The following clip, courtesy of YouTube, of the theatrical trailer for "Cry" offers a nice glimpse of the suspense and psychological drama in the film while avoiding spoilers.
The simple tried but true horror premise is that Jonathan and his career gal wife Cecile pack up the kids and leave New York City to move to a small Amityville of "Horror" fame style Long Island town in the wake of a tragedy. In a simple twist of Hollywood-style fate, they stumble onto what seems to be the perfect new home.
Invalid Sophia owning the ordinary-looking abode and sharing it with her highly resentful never married adult daughter/caretaker Alice (played by Cathy Moriarity) introduces aspects of "Psycho," "Grey Gardens," and "Whatever Happened to Baby Jane." One spoiler is that the cringe-worthy scenes of Alice feeding the bed-ridden Sophia does not involve any rodents.
The nicely paced film builds the suspense as the new inhabitants experience increasingly creepy incidents that start with things such as closet doors not staying close and the family guinea pig escaping from his closed carrier.

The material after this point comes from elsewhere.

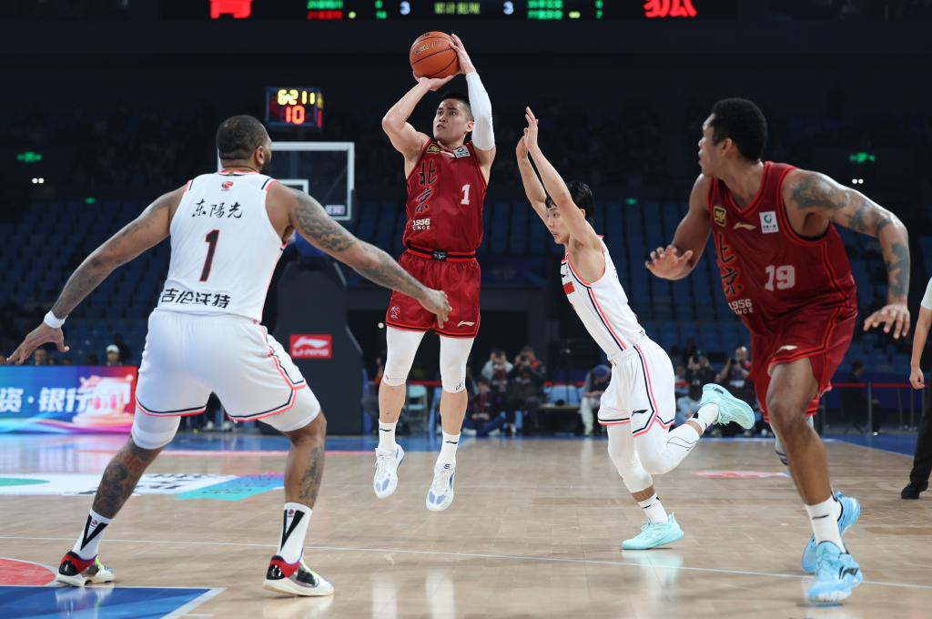 10月25日,北京隊球員陳盈駿(左二)在比賽中投籃。新華社記者 王楷焱 攝
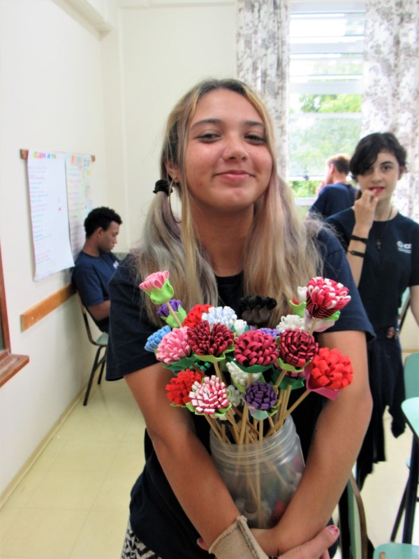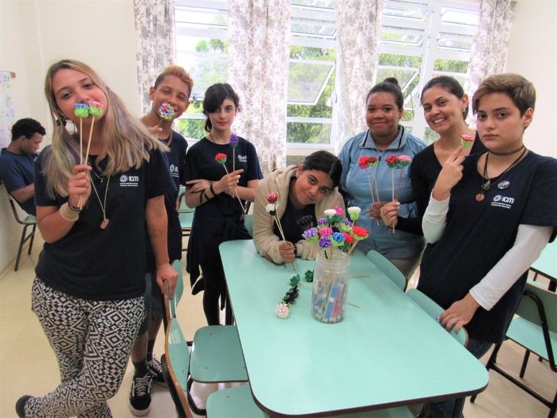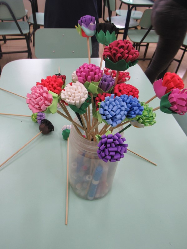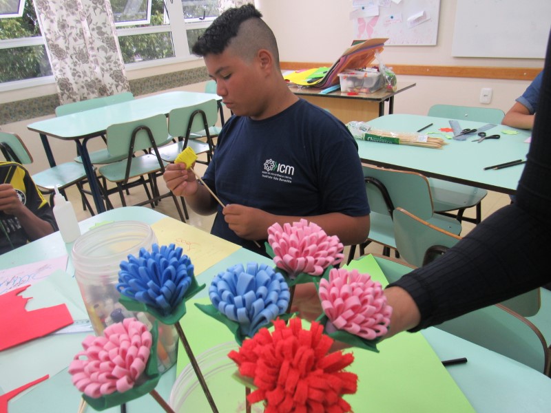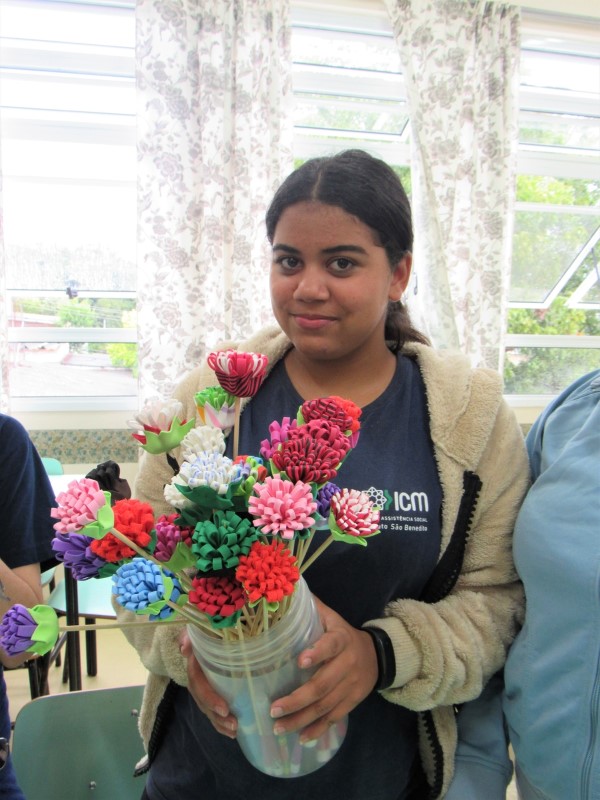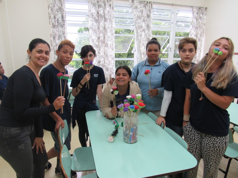 Os jovens fizeram muitas flores de diferentes cores, cada uma de sua preferência e personalizado do seu jeito. Eles levaram para casa para que pudessem presentear alguém especial.

This escalates to hair-raising horror as the malevolent entity behind the eerie goings-on becomes an increasingly strong force that is feeding on the trauma of the new family.
The building of this tension coincides with both Alice becoming increasingly psychotic in her new home and the audience learning more about the reasons for her current state.
The predictable (but still entertaining) climax comes in the form of the resident unfriendly ghost going on an arguably understandable rampage. One spoiler regarding this segment is that no guinea pigs are harmed in the making of this movie.
The aforementioned "ripped from the headlines" aspect of the film and the deeper than typical psychological aspect of "Cry" distinguish it from both the current grindhouse horror titles and the less substantial suspense fare from the era in which Roberts was a matinee idol.
The special features include deleted scenes and cast interviews.